** Opening Exercise material block **

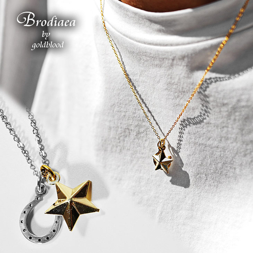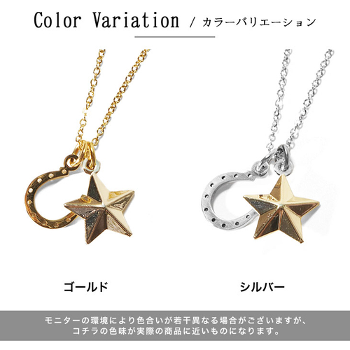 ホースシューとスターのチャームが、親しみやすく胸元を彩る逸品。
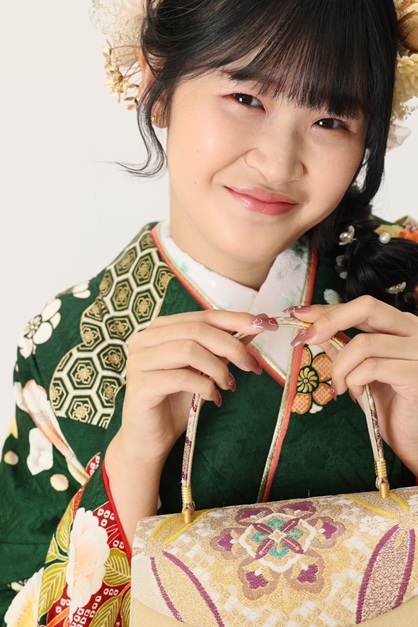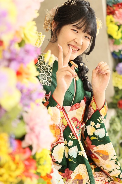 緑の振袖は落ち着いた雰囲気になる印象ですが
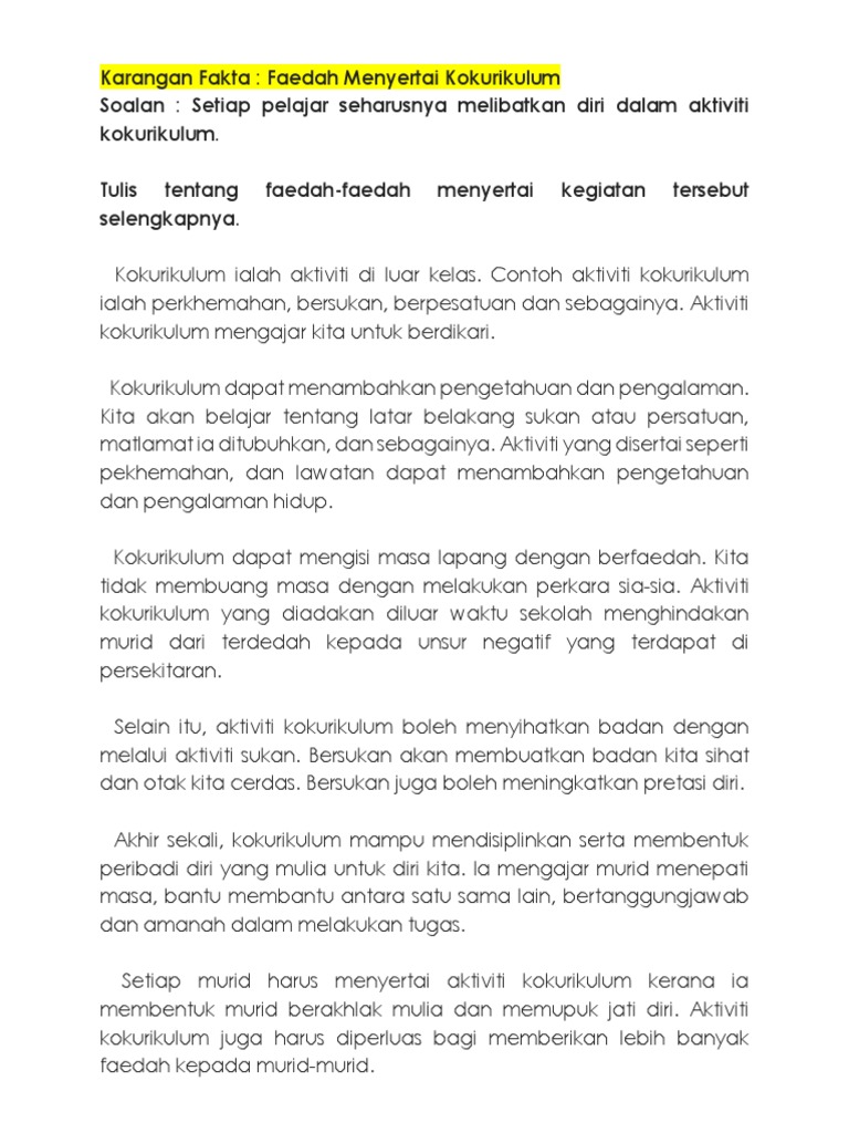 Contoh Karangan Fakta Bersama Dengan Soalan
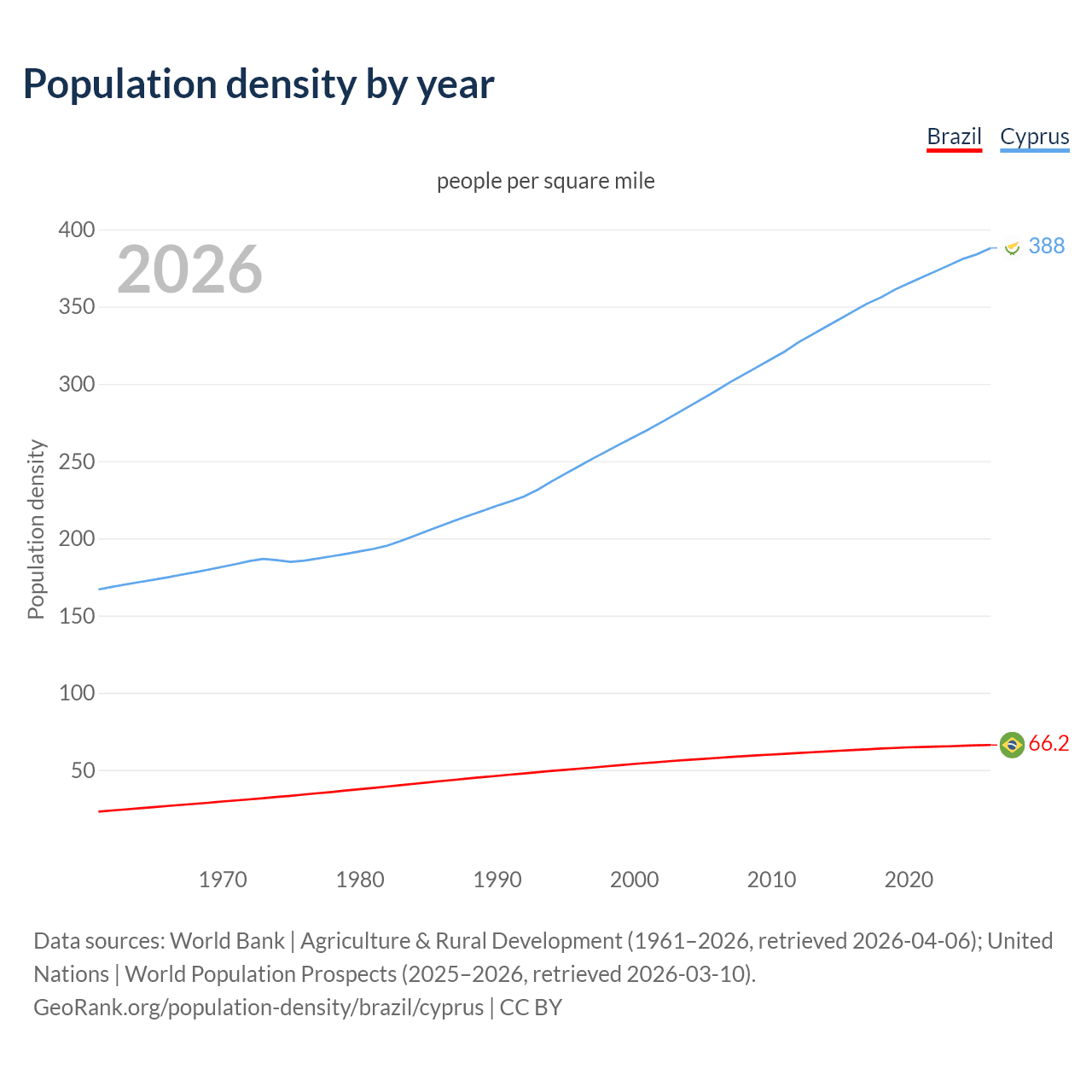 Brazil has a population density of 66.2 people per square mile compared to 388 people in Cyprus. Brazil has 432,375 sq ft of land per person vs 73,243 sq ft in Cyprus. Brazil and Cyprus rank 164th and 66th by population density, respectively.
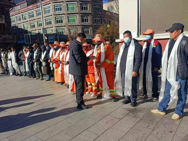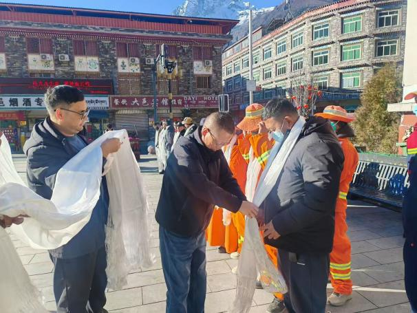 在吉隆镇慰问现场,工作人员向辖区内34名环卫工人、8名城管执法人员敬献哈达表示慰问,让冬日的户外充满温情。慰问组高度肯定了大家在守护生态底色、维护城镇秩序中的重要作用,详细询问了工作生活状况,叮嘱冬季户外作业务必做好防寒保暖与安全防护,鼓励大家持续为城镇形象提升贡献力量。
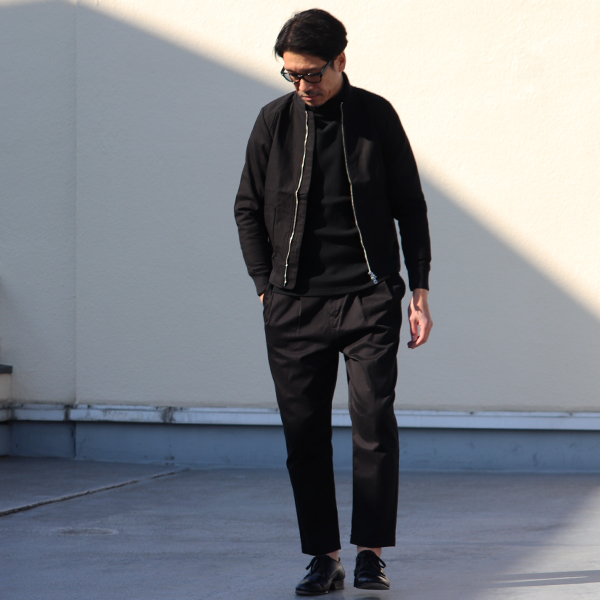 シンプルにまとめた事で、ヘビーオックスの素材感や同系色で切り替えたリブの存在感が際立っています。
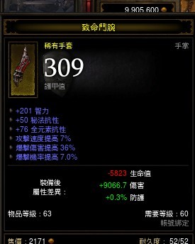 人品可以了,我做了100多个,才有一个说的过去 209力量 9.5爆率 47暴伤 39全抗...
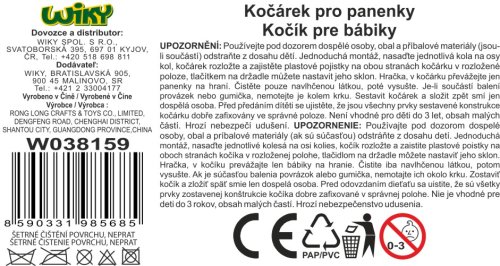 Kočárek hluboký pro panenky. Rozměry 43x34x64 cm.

** Closing Exercise material block **

Write out the line that contains "人品可以了,我做了100多个,才有一个说的过去 209力量 9.5爆率" and every line after it to the end of the data, exactly as they stand. Omit the pictures.

 人品可以了,我做了100多个,才有一个说的过去 209力量 9.5爆率 47暴伤 39全抗...
 Kočárek hluboký pro panenky. Rozměry 43x34x64 cm.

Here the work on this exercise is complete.